---- Data records

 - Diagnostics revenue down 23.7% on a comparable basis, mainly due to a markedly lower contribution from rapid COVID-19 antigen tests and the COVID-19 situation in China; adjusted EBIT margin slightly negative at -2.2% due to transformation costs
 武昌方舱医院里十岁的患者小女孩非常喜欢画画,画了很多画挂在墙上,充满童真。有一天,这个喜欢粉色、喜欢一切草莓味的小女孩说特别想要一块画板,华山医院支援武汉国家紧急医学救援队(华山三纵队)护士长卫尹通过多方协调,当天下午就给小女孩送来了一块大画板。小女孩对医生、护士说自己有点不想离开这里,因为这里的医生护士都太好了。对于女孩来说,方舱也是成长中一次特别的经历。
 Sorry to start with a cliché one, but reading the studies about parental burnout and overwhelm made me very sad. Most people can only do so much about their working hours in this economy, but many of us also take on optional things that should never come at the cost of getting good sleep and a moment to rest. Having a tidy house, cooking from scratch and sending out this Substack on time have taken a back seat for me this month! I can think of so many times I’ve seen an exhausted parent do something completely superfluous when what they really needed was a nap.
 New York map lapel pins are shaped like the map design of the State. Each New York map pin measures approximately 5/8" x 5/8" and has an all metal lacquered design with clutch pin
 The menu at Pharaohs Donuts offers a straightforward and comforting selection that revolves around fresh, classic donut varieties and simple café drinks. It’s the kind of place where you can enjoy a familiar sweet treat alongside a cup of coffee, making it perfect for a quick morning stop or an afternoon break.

--------
---- Data records

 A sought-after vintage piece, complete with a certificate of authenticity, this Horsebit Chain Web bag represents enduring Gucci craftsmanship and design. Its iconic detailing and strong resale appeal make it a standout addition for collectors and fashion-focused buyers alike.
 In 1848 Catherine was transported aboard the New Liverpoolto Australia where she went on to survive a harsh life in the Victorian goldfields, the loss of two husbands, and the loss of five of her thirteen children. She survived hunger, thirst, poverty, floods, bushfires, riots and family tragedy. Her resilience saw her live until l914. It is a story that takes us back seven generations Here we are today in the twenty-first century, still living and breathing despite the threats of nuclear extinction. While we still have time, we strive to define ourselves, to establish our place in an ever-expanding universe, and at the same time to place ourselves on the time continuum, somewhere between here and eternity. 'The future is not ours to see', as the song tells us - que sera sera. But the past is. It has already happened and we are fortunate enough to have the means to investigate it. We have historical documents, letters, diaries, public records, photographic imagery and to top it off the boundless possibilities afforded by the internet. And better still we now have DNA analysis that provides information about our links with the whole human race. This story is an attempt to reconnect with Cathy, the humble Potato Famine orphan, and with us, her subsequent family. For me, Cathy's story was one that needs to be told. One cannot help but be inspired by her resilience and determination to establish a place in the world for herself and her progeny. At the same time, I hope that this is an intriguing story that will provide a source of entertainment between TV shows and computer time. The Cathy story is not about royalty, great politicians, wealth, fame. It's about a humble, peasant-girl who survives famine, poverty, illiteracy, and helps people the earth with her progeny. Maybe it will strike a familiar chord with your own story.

--------
---- Data records

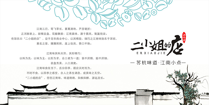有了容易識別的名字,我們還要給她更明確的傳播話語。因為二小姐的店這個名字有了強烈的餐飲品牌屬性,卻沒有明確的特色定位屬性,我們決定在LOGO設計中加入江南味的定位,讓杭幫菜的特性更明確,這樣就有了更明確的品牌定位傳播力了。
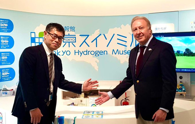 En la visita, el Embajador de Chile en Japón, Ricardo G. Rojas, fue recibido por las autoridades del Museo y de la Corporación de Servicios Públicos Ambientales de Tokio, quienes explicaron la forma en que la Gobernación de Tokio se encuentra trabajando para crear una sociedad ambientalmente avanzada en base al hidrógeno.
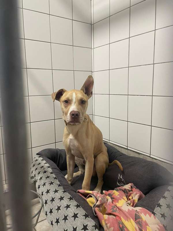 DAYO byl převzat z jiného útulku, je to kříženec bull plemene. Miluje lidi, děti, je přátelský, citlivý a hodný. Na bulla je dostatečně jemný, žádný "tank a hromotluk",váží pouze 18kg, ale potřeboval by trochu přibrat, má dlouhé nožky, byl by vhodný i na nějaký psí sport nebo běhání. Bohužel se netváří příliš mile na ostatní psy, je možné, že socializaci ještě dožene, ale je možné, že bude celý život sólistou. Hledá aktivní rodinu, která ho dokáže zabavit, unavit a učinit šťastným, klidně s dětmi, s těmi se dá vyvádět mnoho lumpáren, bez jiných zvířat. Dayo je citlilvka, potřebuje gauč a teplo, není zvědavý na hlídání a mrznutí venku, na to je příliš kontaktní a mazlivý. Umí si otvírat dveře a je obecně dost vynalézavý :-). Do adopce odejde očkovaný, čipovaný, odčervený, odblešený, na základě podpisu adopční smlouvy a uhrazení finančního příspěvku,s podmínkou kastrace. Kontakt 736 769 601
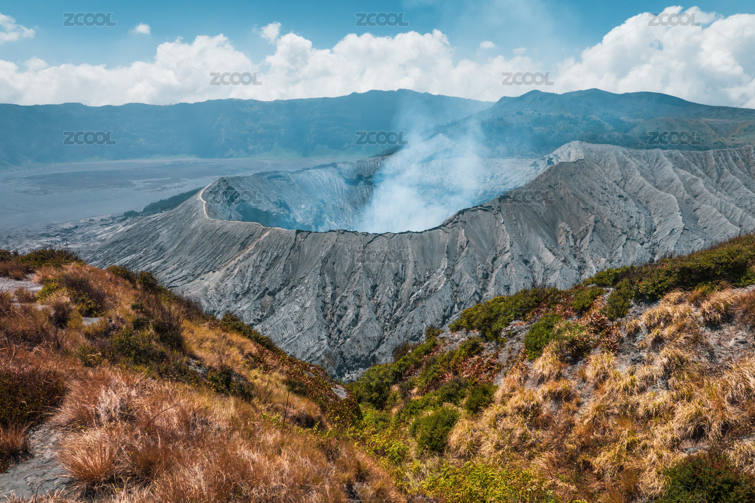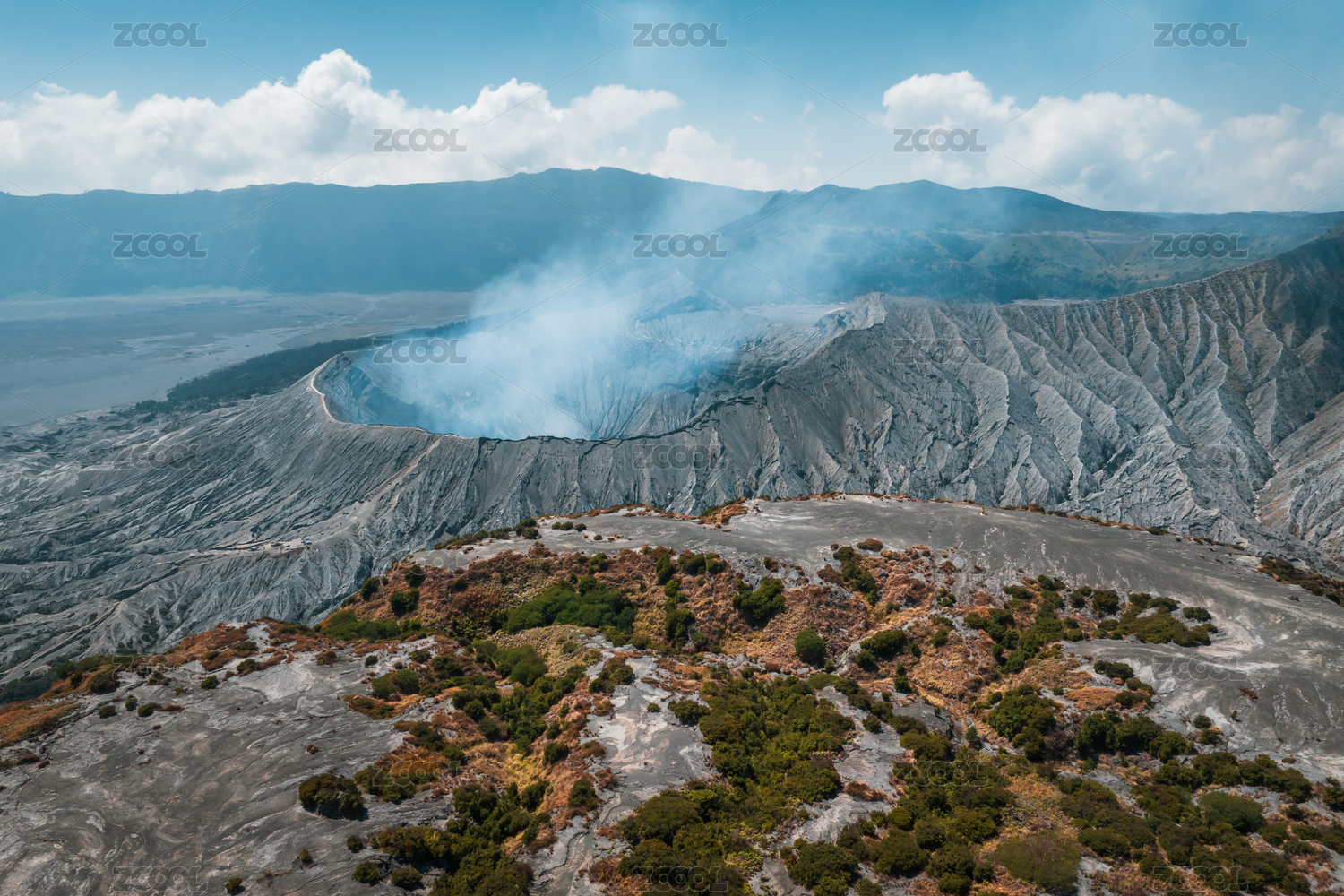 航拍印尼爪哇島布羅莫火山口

--------

The lines above, starting at the one with "- Diagnostics revenue" and ending at the one with "武昌方舱医院里十岁的患者小女", are the only ones to return, exactly as written.

 - Diagnostics revenue down 23.7% on a comparable basis, mainly due to a markedly lower contribution from rapid COVID-19 antigen tests and the COVID-19 situation in China; adjusted EBIT margin slightly negative at -2.2% due to transformation costs
 武昌方舱医院里十岁的患者小女孩非常喜欢画画,画了很多画挂在墙上,充满童真。有一天,这个喜欢粉色、喜欢一切草莓味的小女孩说特别想要一块画板,华山医院支援武汉国家紧急医学救援队(华山三纵队)护士长卫尹通过多方协调,当天下午就给小女孩送来了一块大画板。小女孩对医生、护士说自己有点不想离开这里,因为这里的医生护士都太好了。对于女孩来说,方舱也是成长中一次特别的经历。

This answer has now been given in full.